START LISTED ENTRIES
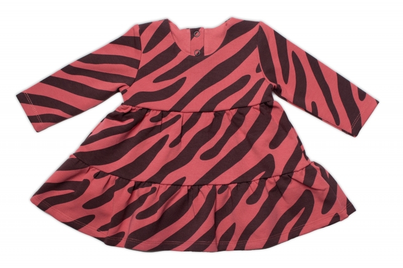 Dívčí bavlněné šaty Mrofi, Helen - cihlově červená s černými pruhy, vel. 74; 74 (6-9m)
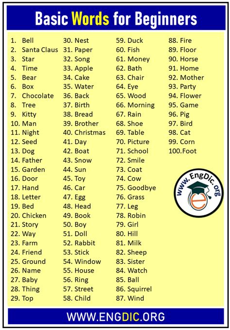 basic english words list for beginners
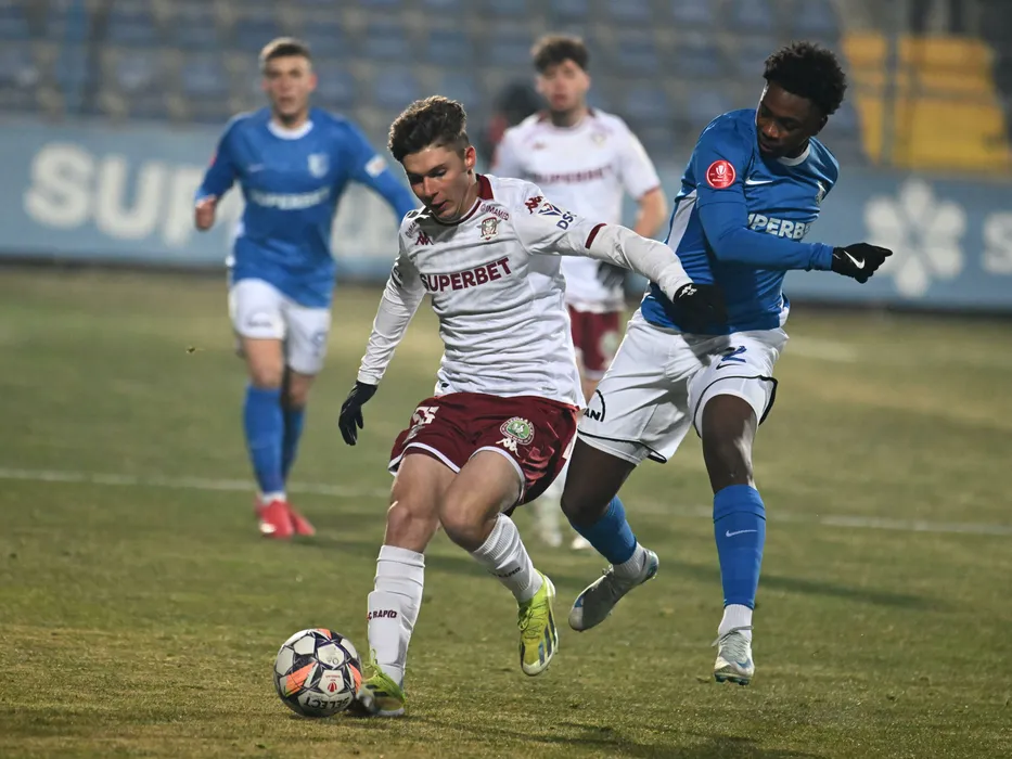 Rareș Mihai Pop si Baptista Fabio Pereira in meciul de fotbal dintre Farul Constanta si Rapid Bucuresti, contand pentru Superliga Superbet, desfasurat pe Stadionul central al Academiei Gheorghe Hagi din Ovidiu, luni 24 februarie 2025. © FOTO:Razvan Pasarica/SPORT PICTURES
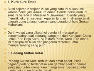 Hasil Hasil Kebudayaan Kutai | PDF | 5. Kura Kura Emas Kura kura emas ini dibuat dari emas 23 karat dengan bentuk kura kura yang juga digunakan sebagai upacara penobatan Sultan Kutai Kartanegara. Pedang Sultan Kutai terbuat dari emas padat dan pada bagian gagang diukir gambar seekor harimau yang sedang siap untuk menerkam, sedangkan...
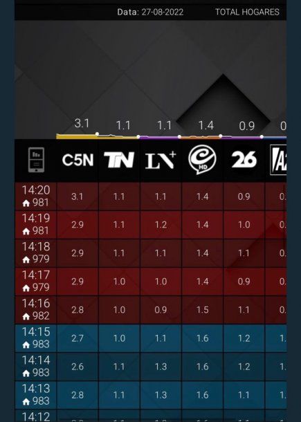 Por momentos la señal de noticias C5N se ubica en el tercer lugar de la grilla general de canales en el rating, incluidos los de aire, ganando cómodamente en su segmento.
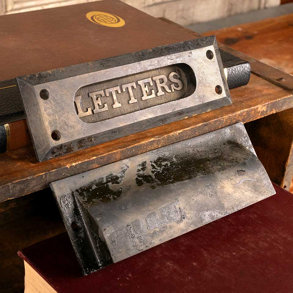 Architectural salvage cast iron entry door mail slot hardware with hinged LETTERS flap measuring approx. 7" wide x 2 1/4" tall x 1/4" front to back. The mail slot measures approx. 4 3/8" wide x 1 1/8" tall. The interior mail slot hood measures approx. 7" wide 2 1/2" tall x 3/4" front to back with a 5 7/8" wide opening. Color and condition vary, see photos to evaluate. Priced at $150/set.
END LISTED ENTRIES
- [YOUR GOAL] Output all the records above exactly, but without their images.

- [EXERCISE RESULT]
 Dívčí bavlněné šaty Mrofi, Helen - cihlově červená s černými pruhy, vel. 74; 74 (6-9m)
 basic english words list for beginners
 Rareș Mihai Pop si Baptista Fabio Pereira in meciul de fotbal dintre Farul Constanta si Rapid Bucuresti, contand pentru Superliga Superbet, desfasurat pe Stadionul central al Academiei Gheorghe Hagi din Ovidiu, luni 24 februarie 2025. © FOTO:Razvan Pasarica/SPORT PICTURES
 Hasil Hasil Kebudayaan Kutai | PDF | 5. Kura Kura Emas Kura kura emas ini dibuat dari emas 23 karat dengan bentuk kura kura yang juga digunakan sebagai upacara penobatan Sultan Kutai Kartanegara. Pedang Sultan Kutai terbuat dari emas padat dan pada bagian gagang diukir gambar seekor harimau yang sedang siap untuk menerkam, sedangkan...
 Por momentos la señal de noticias C5N se ubica en el tercer lugar de la grilla general de canales en el rating, incluidos los de aire, ganando cómodamente en su segmento.
 Architectural salvage cast iron entry door mail slot hardware with hinged LETTERS flap measuring approx. 7" wide x 2 1/4" tall x 1/4" front to back. The mail slot measures approx. 4 3/8" wide x 1 1/8" tall. The interior mail slot hood measures approx. 7" wide 2 1/2" tall x 3/4" front to back with a 5 7/8" wide opening. Color and condition vary, see photos to evaluate. Priced at $150/set.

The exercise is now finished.